DAVOS, Switzerland (AFP) – Bill Gates, the world's richest man, on Friday promised 10 billion dollars to develop vaccines for the world's poorest nations.

The Microsoft tycoon announced at the World Economic Forum that the money will come over the next decade from the foundation he runs with his wife Melinda, and that vaccines will become the top priority for the foundation.

The Bill and Melinda Gates Foundation has now committed more than 25 billion dollars to various health projects, especially targeting AIDS and polio and other diseases that hit poor countries.

"We must make this the decade of vaccines," Bill Gates said in Davos. "Vaccines already save and improve millions of lives in developing countries. "Innovation will make it possible to save more children than ever before."

Increased vaccination could save more than eight million children by 2020, he added, but called on governments and the private sector to do more. "Increased investment
in vaccines by governments and the private sector could help developing countries dramatically reduce child mortality by the end of the decade," Gates said in a statement.

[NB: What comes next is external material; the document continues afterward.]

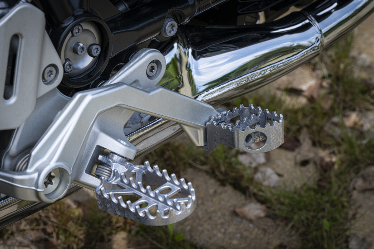 カルー4を前後に履くR 12 G/Sに乗って広いフィールドでウォームアップ。リアの車高が1インチ上がっただけですが、視界はさらに高くなった印象です。また、2cmアップのライザーが追加されていることもあってハンドルはかなり高め。小柄な体格だとハンドルがやや高すぎる、というのが正直な印象でしたが、いざスタンディングポジションを取るとそれはそれで乗りやすい。さらにワイドペグを採用する専用フットレストはオフロードブーツの使用が前提とあって、しっかりと車体をホールドできます。

Melinda Gates added: "Vaccines are a miracle -- with just a few doses, they can prevent deadly diseases for a lifetime. "We?ve made vaccines our number-one priority at the Gates Foundation because we?ve seen first hand their incredible impact on children?s lives," she added.

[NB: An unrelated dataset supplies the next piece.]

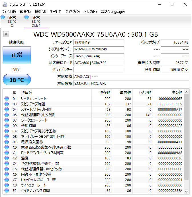 | ★3.5インチ SATA 500GB WD WD5000AAKX 10910時間 中古品★ | |||
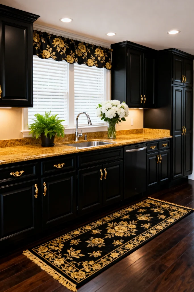 What really pulls this together is the commitment to the “Black and Gold” theme. Look at that runner rug and the matching window valance! The floral patterns break up the solid blocks of color, adding a bit of traditional softness to a very modern, dramatic palette. The ornate gold hardware acts like jewelry for the cabinets, catching the light perfectly. This isn’t just a place to boil pasta; it’s a place to make a statement. If you’re worried about black feeling “too much,” notice how the bright white blinds and the natural light from the window keep things feeling airy and balanced. It’s moody, it’s sophisticated, and it’s undeniably chic.

Gates began working full time at the Foundation after leaving Microsoft in July, 2008. He is in Davos as the world's leading philanthropist and his activities again overshadowed those of the political and business elite at the Swiss ski resort. Greek Prime Minister George Papandreou held new meetings seeking to shore up international support for his country's austerity programme as its borrowing costs shoot up and debt problems in Greece and other countries put pressure on the euro.

Reaffirming his determination to cut the 12.7 percent budget deficit, the prime minister acknowledged the country's troubles over the past year including serious riots in Athens before his socialist PASOK party won an election. "The riots that we had last year were at the height of the scandals in our political life," he said. "Banks were being bailed out then, there was corruption and there was no legitimacy in the political system.

"We have re-established legitimacy and there is great support for us even from the younger generation." Papandreou said: "It is important that whatever we do it is seen as just. It may be painful but it must be seen that we are all paying for the burden." And he insisted that the government would protect the unemployed.